All this is, however, by the way. I merely mention it to illustrate PETER's character. At the University Steeple-Chase Meeting, which took place at the end of our third October term, SHEEF had entered his animals for several races. He was a good rider, and confidently anticipated success. To celebrate the occasion, he had arranged a big dinner-party, and had invited some twenty of us to dine with him. I had been unable to go to the races myself, but at the appointed hour I turned up at SHEEF's rooms. I found the table brilliantly laid, waiters hanging about, and dozens of Champagne in readiness. SHEEF was there, but, beside myself, no other guest had appeared. And not a single one came. I forget what excuse the miserable host made, but the result was that we two solemnly dined at a table laid for ten times our number. I think I shall remember that ghastly festivity as long as I live. The next day all Cambridge knew that SHEEF had not only pulled one of his horses openly and disgracefully, but had wilfully misled both his friends and the book-makers as to the horse he intended to ride in a race for which entries were made at the post. I never heard that he stood to win more than £50 by the transaction. And for this paltry sum (paltry, that is, to a man of his means) he had wrecked his reputation, and all the possibilities of his career.
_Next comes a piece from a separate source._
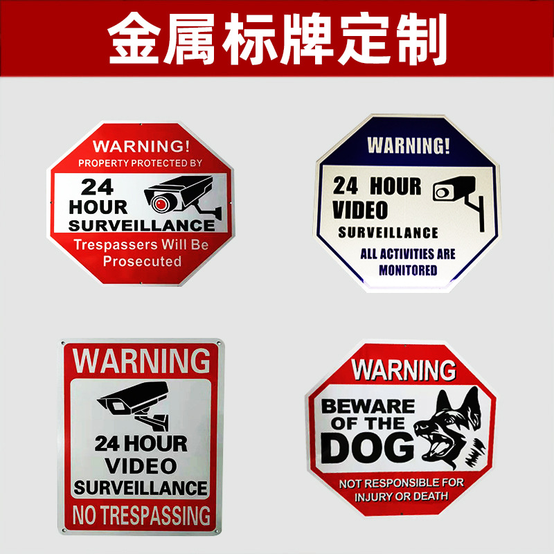 アルミ製24hour監視標識八角形監視犬札対外貿易輸出金属消防標識警告札

I see him slinking about London sometimes. Last year he passed, with much discredit, through the Bankruptcy Court. He has been a Director of countless Companies, for the stock of fools seems to be inexhaustible. There can only be one end for such a man as SHEEF. The cool, callous, and calculating knave may get clear through to the end; but SHEEF always was stupidly good-natured, and good-nature hangs like a millstone round the neck of rascality. I cannot myself detest him as I ought to do. He was so near to completely successful respectability. But crookedness ruined him, in spite of his better wishes. Was it altogether his own fault?
That, as Mr. BRET HARTE observes, lets me out.
I remain as before, DIOGENES ROBINSON.